# Sky Receiver verbinden mit TFT



## CaSiR-oMaT (10. Juli 2009)

hallo leute 
hoffe ihr könnt mir en bissl weiterhelfen...
also habe mir jez das multimedia abo SKY geholt...
nur mein "kleines" problem habe bisher nur son klenen Fernsher, ende des jahres komm ein t260hd welcher dann als ausgabebildschirm fungiert...
nur ich hätte gerne das ich sky auf nem größeren bildschirm sehen kann bis dahin...
nun:
ich habe mir gedacht das vllt mein aktueller 22" TFT von Samsung ( SyncMaster 223BW) diesen Dienst übernehmen könnte...nun is das problem das dieser aba nur ein vga und einen dvi anschluss hat und der receiver von sky eben nur einen scart anschluss...
wisst ihr ein möglichkeit wie man den receiver nun so mit dem tft  verbinden kann das ich das bild als ausgabe auf dem tft sehen kann...?
ich weiß das es zb scart to hdmi wandler gibt nur diese sind mir mit über 100 € als zwischenlösung dann doch zu teuer...
hoffe auf baldige antwort 
mfg casir-omat


----------



## Herbboy (10. Juli 2009)

diese konverter gibt es nicht ohne grund. es ist nälich wirklich ne art "grafikkarte" nötig. einfach per adapter geht das nicht. lediglich manche beamer haben nen scart, der auch VGA "versteht" und per adaüter nutzbar wäre.

aber ne typsiche multimedia scart-quelle an einen normalen PC-monitor => teurer konverter nötig.

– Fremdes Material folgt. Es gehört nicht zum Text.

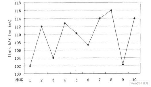 將以上設(shè)計的限流電路嵌入某穩(wěn)壓芯片(內(nèi)含電荷泵電路)中,實現(xiàn)流片量產(chǎn)(CMOS工藝)。當(dāng)VDD=3V時,通過測量量產(chǎn)芯片得到輸出電流極限數(shù)據(jù)。統(tǒng)計如圖5所示,可知當(dāng)輸出電流處于100~120mA范圍內(nèi)時,限流電路開始工作,關(guān)閉系統(tǒng)即保護(hù)LDO安全。由此可見,本設(shè)計電路結(jié)構(gòu)簡單,功能可靠,可廣泛應(yīng)用于電源芯片中。

du könntest aber not mit dem nützlichen verbinden: verkauf deinen receiver und kauf einen neuen mit HDMI. je nach dem, was dein receiver so wert ist, kostet dich das dann natürlich mehr als nur ein adapterkabel, aber weniger als ein konverter, und danach hättest du halt auch HDMI für deinen fernseher, was in jedem falle im zweifel immer besser is als scart.


----------



## CaSiR-oMaT (11. Juli 2009)

hmm danke werde mich mal diesbezüglich umhören


----------



## CaSiR-oMaT (12. Juli 2009)

erstmal sry fürn den Doppelpost....
aba hab ne andere frage...
könnte ich den receiver nicht auch an den pc anschließen?
hab an meiner graka en s-video ausgang un en adapter auf yuv...bzw auch auf video cinch...
gibts nich solche adapter von scart auf yuv bzw scart auf video cinch un könnte ich dann nicht den receiver darüber an den pc anschließen?
mfg


----------



## Herbboy (12. Juli 2009)

CaSiR-oMaT schrieb:


> hab an meiner graka en s-video *ausgang*


  klingelt's ?


----------



## CaSiR-oMaT (12. Juli 2009)

ja das is klar xDD
hab meiner ma ihre tv karte abschwatzen können...da is en video IN drann
wie verbinde ich das jetzt am besten?


----------



## CaSiR-oMaT (13. Juli 2009)

nochmal sry für doppelpost...
ehmm is da en scart to yuv am besten geeignet?


----------



## Herbboy (13. Juli 2009)

wofür jetzt? deine graka hat keinen EINgang, da nutz auch ein adapter nix. oder hast du eine vivo-karte?


----------



## CaSiR-oMaT (13. Juli 2009)

ja das meien graka keine eingang hat is mri klar xD
btw was is vivo? das hier is meine graka
ALTERNATE - HARDWARE - Grafik - PCIe-Karten ATI - Radeon HD4000 - Sapphire HD4870
habe meine mutrer ihre tv karte abschwatzen können...
die hat nen video in is aba ne ältere von terratec...genaues modeel ka jedenfalls en video in xD
un auf video in habe ich einen adapter...
einen auf yuv un einen auf video cinch...
was is dannd ie beste lösung per scart das anschließen zu könnne?

modell der tv karte :
*Cinergy 600 TV*


----------